§ Stored data:
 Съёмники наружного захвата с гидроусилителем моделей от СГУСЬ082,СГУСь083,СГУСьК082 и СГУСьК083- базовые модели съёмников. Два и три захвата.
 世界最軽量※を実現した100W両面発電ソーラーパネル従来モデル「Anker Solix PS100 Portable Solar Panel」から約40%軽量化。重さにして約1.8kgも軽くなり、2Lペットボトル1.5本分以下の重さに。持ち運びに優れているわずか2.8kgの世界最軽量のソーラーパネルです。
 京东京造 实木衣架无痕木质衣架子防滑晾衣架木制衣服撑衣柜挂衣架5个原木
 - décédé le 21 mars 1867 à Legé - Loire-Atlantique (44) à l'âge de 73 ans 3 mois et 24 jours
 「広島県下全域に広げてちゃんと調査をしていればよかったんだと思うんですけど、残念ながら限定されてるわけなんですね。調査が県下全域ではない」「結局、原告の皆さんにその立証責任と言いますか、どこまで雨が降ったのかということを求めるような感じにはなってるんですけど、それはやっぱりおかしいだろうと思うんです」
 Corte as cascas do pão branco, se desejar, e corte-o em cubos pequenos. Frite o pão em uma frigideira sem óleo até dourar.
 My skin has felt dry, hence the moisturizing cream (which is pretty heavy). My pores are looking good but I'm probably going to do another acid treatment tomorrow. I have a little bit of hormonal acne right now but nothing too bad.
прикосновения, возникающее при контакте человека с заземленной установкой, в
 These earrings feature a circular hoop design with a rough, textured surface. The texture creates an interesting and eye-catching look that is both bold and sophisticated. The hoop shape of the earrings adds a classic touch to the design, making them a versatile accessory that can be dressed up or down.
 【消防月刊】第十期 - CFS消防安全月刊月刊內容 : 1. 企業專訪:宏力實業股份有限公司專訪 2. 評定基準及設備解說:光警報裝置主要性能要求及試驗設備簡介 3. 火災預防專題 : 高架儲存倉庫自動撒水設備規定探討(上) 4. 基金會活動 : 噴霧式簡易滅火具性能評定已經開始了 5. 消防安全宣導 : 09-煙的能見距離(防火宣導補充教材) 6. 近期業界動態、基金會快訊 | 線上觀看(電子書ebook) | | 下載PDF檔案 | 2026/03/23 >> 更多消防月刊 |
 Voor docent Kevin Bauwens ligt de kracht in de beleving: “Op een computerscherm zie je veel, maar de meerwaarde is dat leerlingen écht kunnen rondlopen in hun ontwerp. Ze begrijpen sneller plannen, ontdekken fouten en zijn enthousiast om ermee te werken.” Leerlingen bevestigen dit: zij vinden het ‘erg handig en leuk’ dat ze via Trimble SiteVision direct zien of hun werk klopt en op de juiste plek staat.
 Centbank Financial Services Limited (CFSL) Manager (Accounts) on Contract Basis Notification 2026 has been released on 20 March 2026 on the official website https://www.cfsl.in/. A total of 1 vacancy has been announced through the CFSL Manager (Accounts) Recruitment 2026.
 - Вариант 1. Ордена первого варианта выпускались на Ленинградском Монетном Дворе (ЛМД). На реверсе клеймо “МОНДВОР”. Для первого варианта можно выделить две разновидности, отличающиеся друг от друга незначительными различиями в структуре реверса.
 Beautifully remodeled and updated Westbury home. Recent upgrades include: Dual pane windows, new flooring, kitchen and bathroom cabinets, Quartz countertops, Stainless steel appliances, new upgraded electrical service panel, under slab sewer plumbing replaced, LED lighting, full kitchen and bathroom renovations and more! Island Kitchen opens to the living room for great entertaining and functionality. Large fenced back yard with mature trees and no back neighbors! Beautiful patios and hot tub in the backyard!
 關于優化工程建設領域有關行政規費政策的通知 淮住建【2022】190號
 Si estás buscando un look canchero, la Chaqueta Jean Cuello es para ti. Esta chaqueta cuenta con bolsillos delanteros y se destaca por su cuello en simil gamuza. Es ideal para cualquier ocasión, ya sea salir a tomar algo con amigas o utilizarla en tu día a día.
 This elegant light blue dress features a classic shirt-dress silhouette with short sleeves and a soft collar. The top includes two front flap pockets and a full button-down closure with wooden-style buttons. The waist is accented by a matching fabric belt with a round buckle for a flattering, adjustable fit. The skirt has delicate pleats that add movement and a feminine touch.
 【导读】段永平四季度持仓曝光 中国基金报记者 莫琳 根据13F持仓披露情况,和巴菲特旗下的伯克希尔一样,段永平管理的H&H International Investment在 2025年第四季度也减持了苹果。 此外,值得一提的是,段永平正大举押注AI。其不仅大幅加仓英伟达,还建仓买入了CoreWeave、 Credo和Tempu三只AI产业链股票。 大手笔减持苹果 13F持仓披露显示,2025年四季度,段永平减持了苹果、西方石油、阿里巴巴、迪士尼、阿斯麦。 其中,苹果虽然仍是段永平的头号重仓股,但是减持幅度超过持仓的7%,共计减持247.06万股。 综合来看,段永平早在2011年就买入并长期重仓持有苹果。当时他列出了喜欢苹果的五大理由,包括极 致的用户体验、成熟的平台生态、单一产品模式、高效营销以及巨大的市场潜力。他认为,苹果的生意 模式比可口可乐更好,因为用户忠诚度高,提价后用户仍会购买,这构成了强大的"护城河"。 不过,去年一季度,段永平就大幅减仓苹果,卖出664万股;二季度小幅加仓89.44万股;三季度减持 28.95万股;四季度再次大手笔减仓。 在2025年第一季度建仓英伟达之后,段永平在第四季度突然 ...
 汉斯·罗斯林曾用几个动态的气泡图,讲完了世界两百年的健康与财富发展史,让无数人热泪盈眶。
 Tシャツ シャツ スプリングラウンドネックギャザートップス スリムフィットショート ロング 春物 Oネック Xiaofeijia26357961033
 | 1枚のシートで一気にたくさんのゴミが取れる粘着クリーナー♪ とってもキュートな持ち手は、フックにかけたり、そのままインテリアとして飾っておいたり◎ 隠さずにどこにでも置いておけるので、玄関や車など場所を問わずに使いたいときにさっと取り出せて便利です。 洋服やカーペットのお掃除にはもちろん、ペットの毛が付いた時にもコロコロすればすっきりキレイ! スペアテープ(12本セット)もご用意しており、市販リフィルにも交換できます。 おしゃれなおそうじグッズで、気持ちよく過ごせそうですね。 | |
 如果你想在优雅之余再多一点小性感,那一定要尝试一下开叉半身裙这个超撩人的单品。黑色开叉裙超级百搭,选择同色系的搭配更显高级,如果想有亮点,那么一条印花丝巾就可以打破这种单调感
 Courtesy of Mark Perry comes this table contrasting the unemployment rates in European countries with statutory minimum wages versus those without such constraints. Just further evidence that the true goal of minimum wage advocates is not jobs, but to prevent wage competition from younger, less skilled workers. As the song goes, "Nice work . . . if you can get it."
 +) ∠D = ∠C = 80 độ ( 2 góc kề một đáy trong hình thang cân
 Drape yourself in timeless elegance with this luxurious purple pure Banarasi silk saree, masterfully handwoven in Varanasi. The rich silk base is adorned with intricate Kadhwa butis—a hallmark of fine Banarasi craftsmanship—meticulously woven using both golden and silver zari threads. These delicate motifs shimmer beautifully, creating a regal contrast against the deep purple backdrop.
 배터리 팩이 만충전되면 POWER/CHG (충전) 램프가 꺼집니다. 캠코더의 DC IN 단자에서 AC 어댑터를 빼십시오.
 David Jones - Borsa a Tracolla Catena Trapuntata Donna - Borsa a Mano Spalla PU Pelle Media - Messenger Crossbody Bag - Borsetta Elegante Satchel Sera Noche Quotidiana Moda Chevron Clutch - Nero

§ Requirement: Take the records above and return, word for word, only the lines that fall from the line with "My skin has" to the line with "прикосновения, возникающее при", both of them included.

§ Answer space:
 My skin has felt dry, hence the moisturizing cream (which is pretty heavy). My pores are looking good but I'm probably going to do another acid treatment tomorrow. I have a little bit of hormonal acne right now but nothing too bad.
прикосновения, возникающее при контакте человека с заземленной установкой, в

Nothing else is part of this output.